Exercise requirements. In the entries that follow, find the line containing "Figura 4 - Foglio" and the line containing "當日活動除了有一眾多才多藝的", then copy exactly everything from the first through the second except the pictures.

Supplied material.
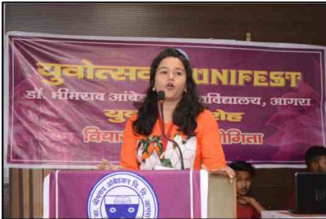
Student participate Elocution Vichar Ghosti Yuvotsav Samahroh 2018 at J.P.Shabhagar
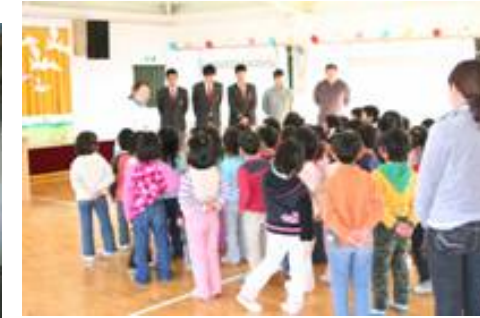
幼稚園児へのあいさつと説明

世代間交流で網野幼稚園との交流をしています。3月には育てた花を植えたプランターを持って、卒園式前に訪問しました。育てた花は、大事に活用されていると思います。
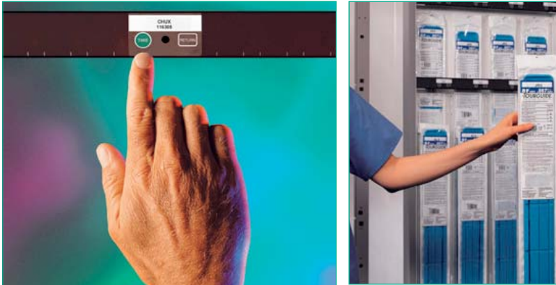
Figura 2. Sistema armarios con control por touch buttons

El sistema consta de una estación informática con sistema Windows NT con iconos, pantalla a color táctil y opciones según el código de acceso. Además incorpora una consola mediante la cual se puede realizar la gestión de material fungible para usuarios y pacientes, la gestión de pedidos y reposiciones, los boletines de aviso de roturas de stock y niveles críticos, el control de caducidades y el cálculo automático de punto de inventario óptimo.
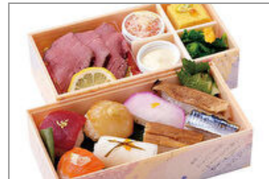
新・手まり弁当(ふぐ手まり寿司入り)
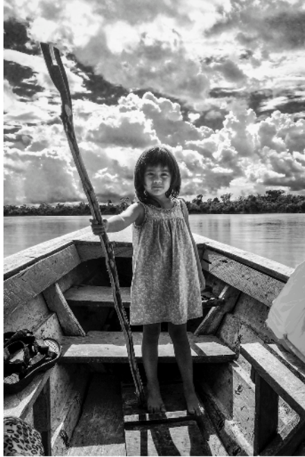
Título: Niña con vara (2014) Autor: Yayo López

¿Recuerdas la foto Niña con vara que viste la semana pasada? Vuelve a observarla e imagina una historia para esta foto: ¿Qué habrá pasado antes de ese momento?, ¿qué habrá pasado después?
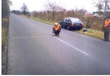
Fot. 1. Pomiar Poprzedniego Rozkładu Temperatury Nawierzchni
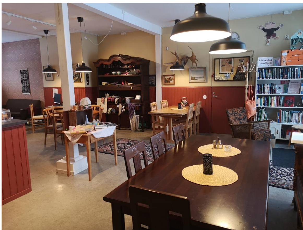
Bild 1 , En butik med tillhörande café kan utgöra ett socialt nav men också fungera som en given samlingsplats vid en större kris. Bilden är från Borgvattnet.

För en butiksägare som investerat i SOT-arbetet handlar det givetvis om en egen försäkran, att ha en container med ett reservkraftaggregat i anslutning till sin butik innebär en försäkran om att inte elen försvinner och butiken måste stängas ner och varor måste kastas. Utöver det tillkommer just det sociala ansvarstagandet, och som också manifesterades vid skogsbränderna. Följande citat kommer utifrån diskussionerna i Lillhärdal ” SOT är ju inte bara för min skull, utan det är ju för hela samhället ”. (Intervju, Lillhärdal)
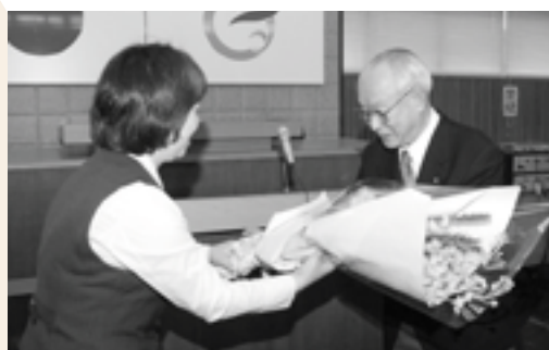
2月10日に行われた退任式

登庁後、臨時職員会が役場3階議場において開催され、職員約90人を前に「厳しい財政状況の中、新しくできた町の町長として、責任の重大さを痛感している。13年前の初心に返り、夢をもって任にあたりたい。職員には夢を実現する情熱と努力を求めたい。」と訓示しました。
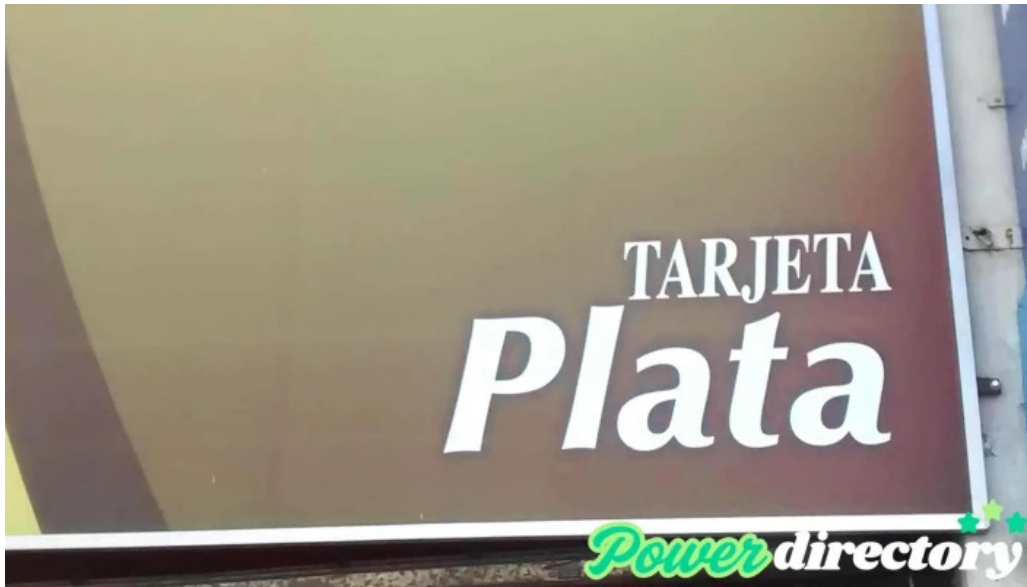
Tarjeta plata instagram
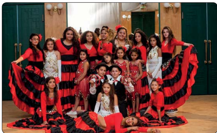
Kostka v rámci týdne sociálních služeb uspořádala v kulturním domě taneční mini-festival.
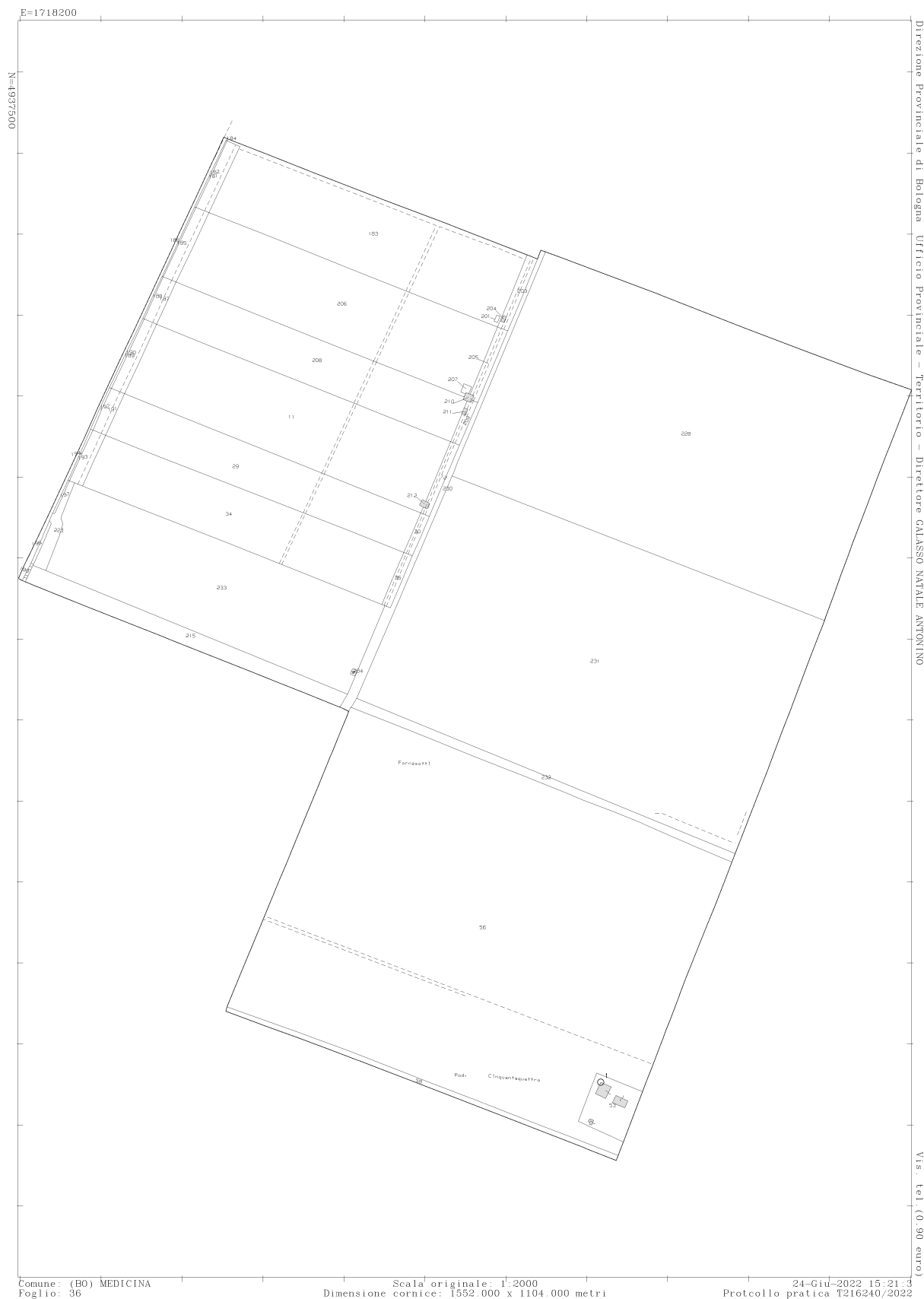
Figura 4 - Foglio 36 del Comune di Medicina (BO)
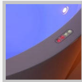
PAINEL DE CONTROLE TOUCH
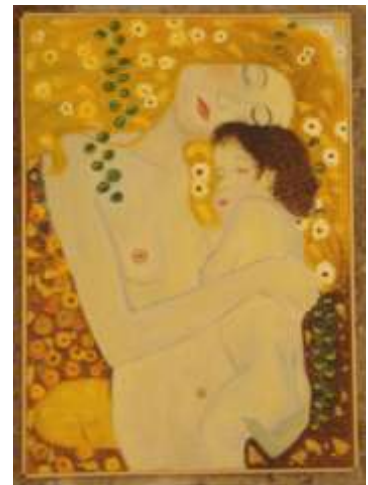
Le tre età
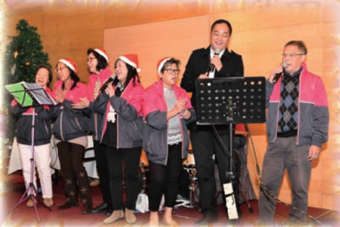
多才多藝的耆樂警訊會員音樂表演

當日活動除了有一眾多才多藝的老友記載歌載舞外，尚有抽獎環節，耆樂會員人人有獎，高漲氣氛讓每位老友記都能享受愉快聖誕歡聚。席間大嶼山區耆樂警訊名譽會長會副主席鮑誠業先生，感謝即將調任沙田警區的警區指揮官麥劉慧敏高級警司，一直對耆樂警訊的大力支持，代表一眾耆樂老友記祝願麥劉慧敏高級警司在新環境工作順利。麥劉慧敏高級警司則上台獻唱回謝各老友記一直對大嶼山警區的支持及努力付出，讓耆樂會員們渡過難忘聖誕。
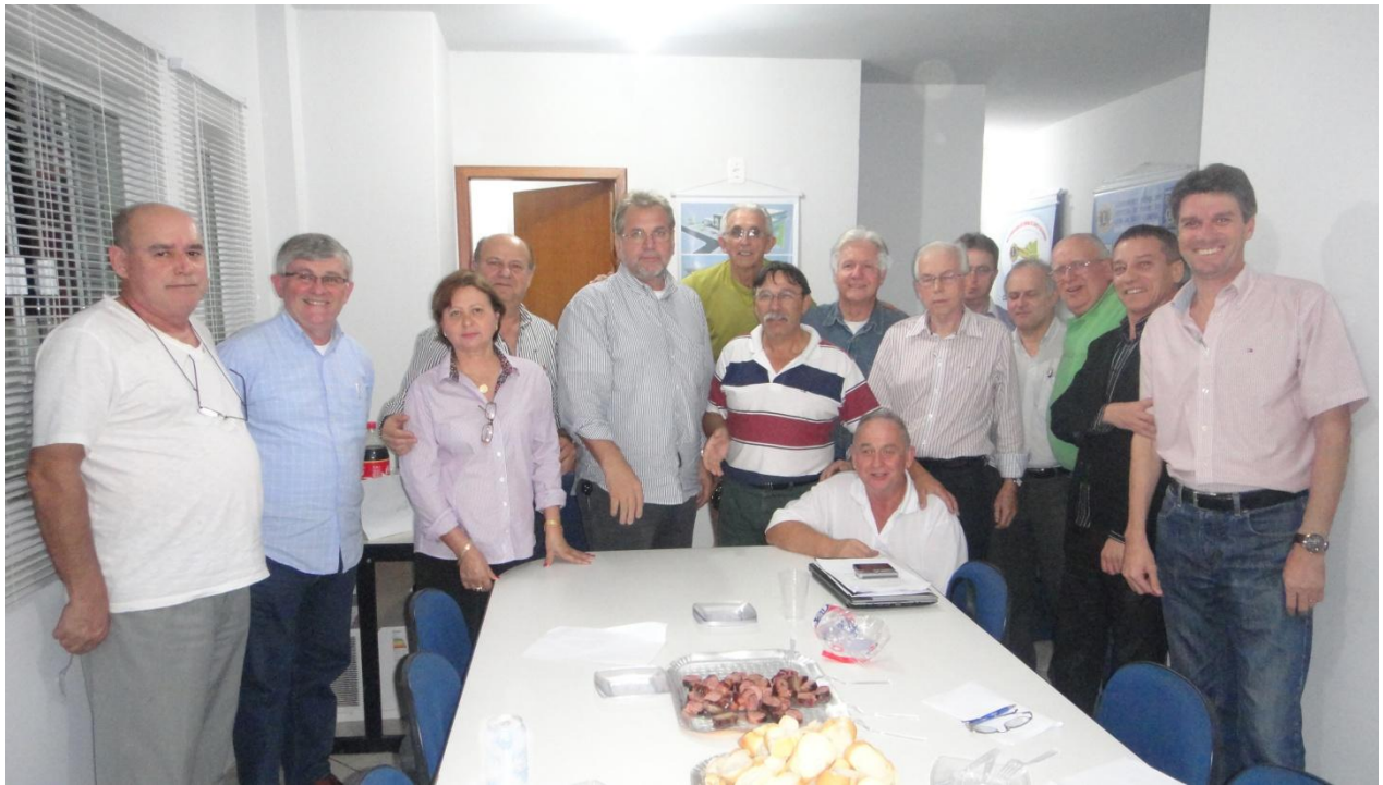
Diretoria Instituto Lions AL 2012/2013, toma posse em sua sede a Rua Imola, 140, Apto. 02 – Paganni II – Palhoça/SC.
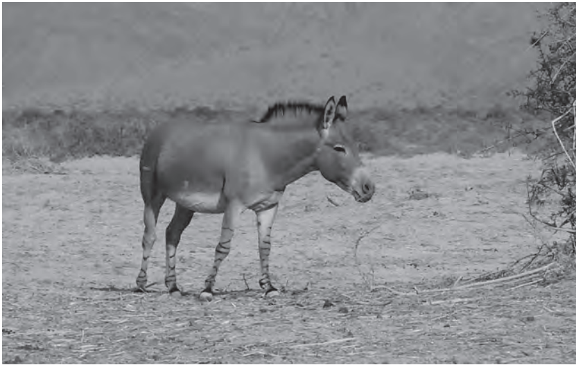
ערוד (חמור בר; צילום: עוזי פז)

מסתבר שבתקופה הקדומה נצרכו לבני מכלוא אלה כבהמות עבודה בשל תכונותיהם המיוחדות וגם בהיותם חיות אקזוטיות. הדבר עולה מכמה תעודות שבארכיון הפקיד התלמי זנון, שביקר בארץ ישראל באמצע המאה השלישית לפסה"נ. בתעודת מסחר
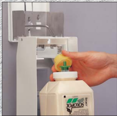
Enlever le bouchon de la recharge
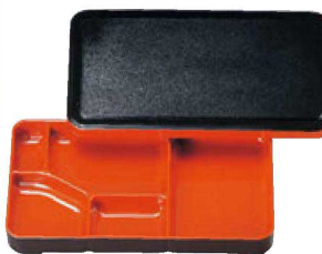
⑪ A WF-30 尺0寸長手 F-2-32 黒木目内朱 ¥2,750 (29.7×17.1×4.2) 幅40
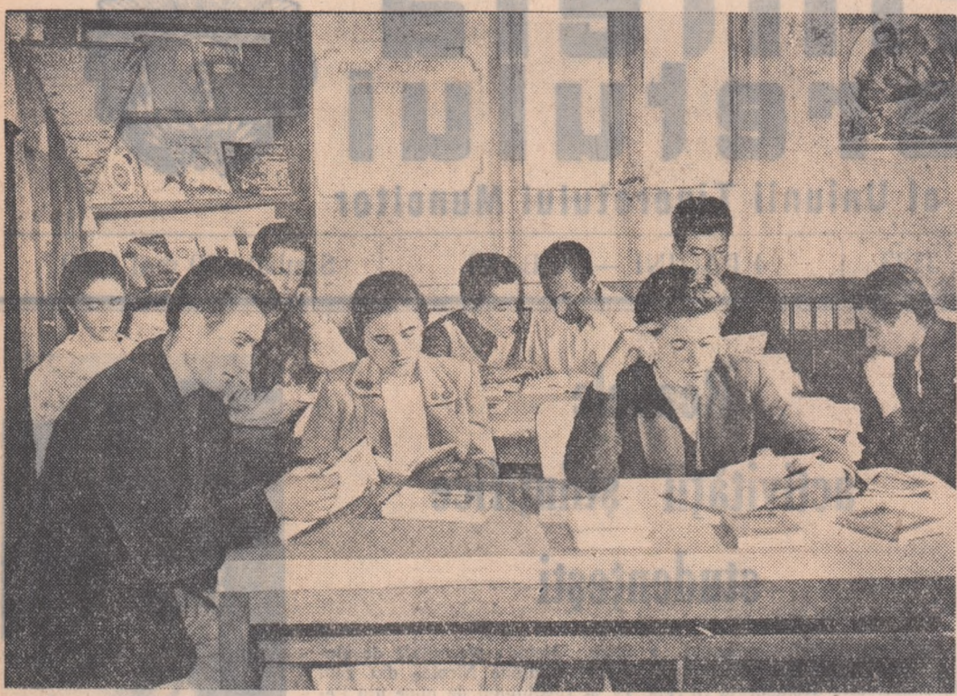
În comuna Ștefănești, raionul Pitești, funcționează o bibliotecă cu 6.000 volume. În prezent ea numără peste 1.400 cititori. În fotografie: un aspect din sala de lectură.
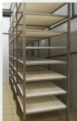
полка 1000x905x20 в стеллаже
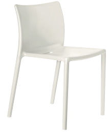
Matt colour White 1730 C
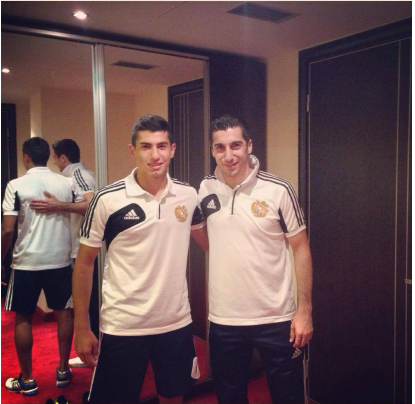
Артем Симонян и Генрих Мхитарян в сборной Армении

Скажи, пожалуйста, есть ли футболисты, играющие на твоей позиции, на которых ты стараешься равняться? Возможно, твои любимые игроки?
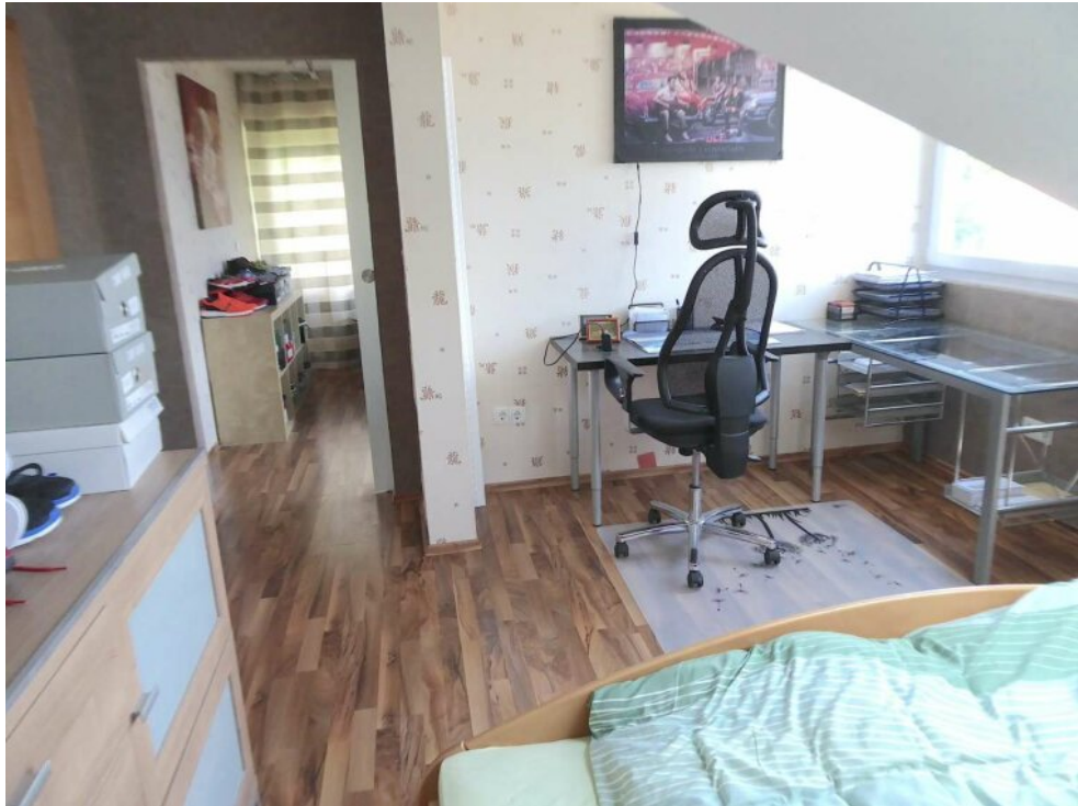
Schlafzimmer I DG
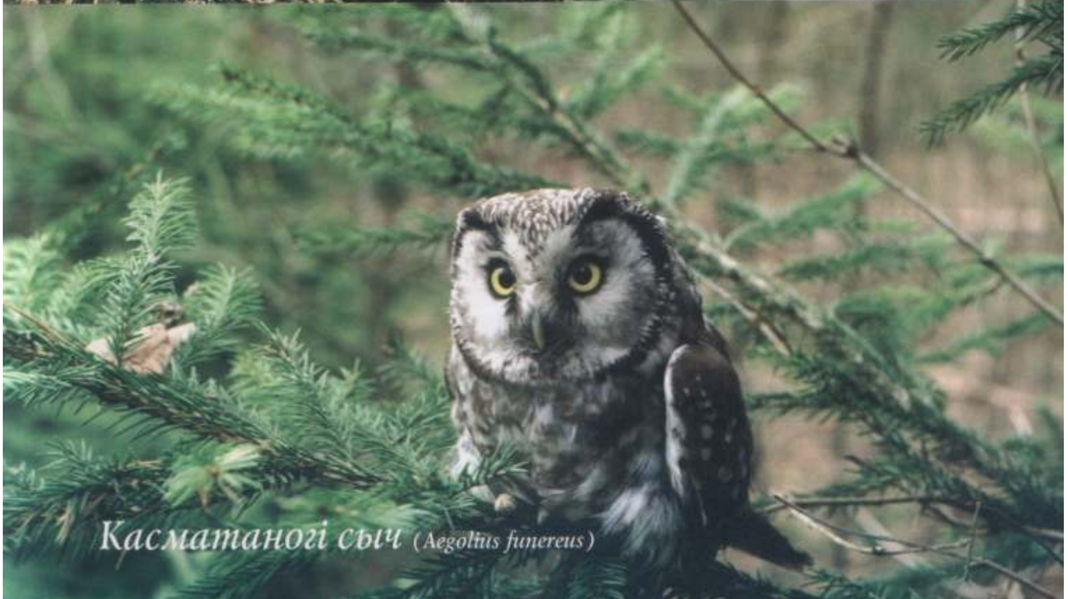
Касматаногі сыч ( Aegolius funereus )
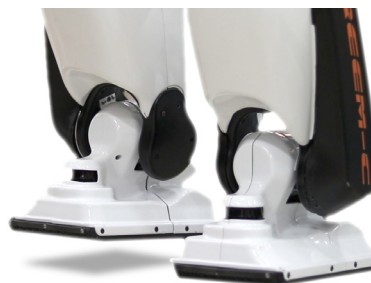
歩行中に片足でバランスを取る REEM-C

PAL Robotics 社では、バランス制御用に、各ロボットの足部にフィードバックフォースシステムを実装して、REEM-C のようなロボットの安定性評価指標であるゼロモーメントポイント (ZMP) を算出しています。その後、算出した ZMP を「ファジー論理」PD コントローラに送り、ZMP の理想値を追跡することで、バランス維持と外乱除去を実現しています。このコントローラは、ロボットの質量中心 (CoM) 位置を調整して、ZMP を常にサポート領域(脚部の下)内に維持することを目的としています。二足歩行を実現するには、位置、速度、加速度に関するロータリーエンコーダのフィードバックを利用して、脚関節の角度を的確に制御する必要があります。
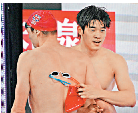
▶潘展樂（右）奪得男子400米自由泳金牌。

Solution to this exercise.
Figura 4 - Foglio 36 del Comune di Medicina (BO)
PAINEL DE CONTROLE TOUCH
Le tre età
多才多藝的耆樂警訊會員音樂表演

當日活動除了有一眾多才多藝的老友記載歌載舞外，尚有抽獎環節，耆樂會員人人有獎，高漲氣氛讓每位老友記都能享受愉快聖誕歡聚。席間大嶼山區耆樂警訊名譽會長會副主席鮑誠業先生，感謝即將調任沙田警區的警區指揮官麥劉慧敏高級警司，一直對耆樂警訊的大力支持，代表一眾耆樂老友記祝願麥劉慧敏高級警司在新環境工作順利。麥劉慧敏高級警司則上台獻唱回謝各老友記一直對大嶼山警區的支持及努力付出，讓耆樂會員們渡過難忘聖誕。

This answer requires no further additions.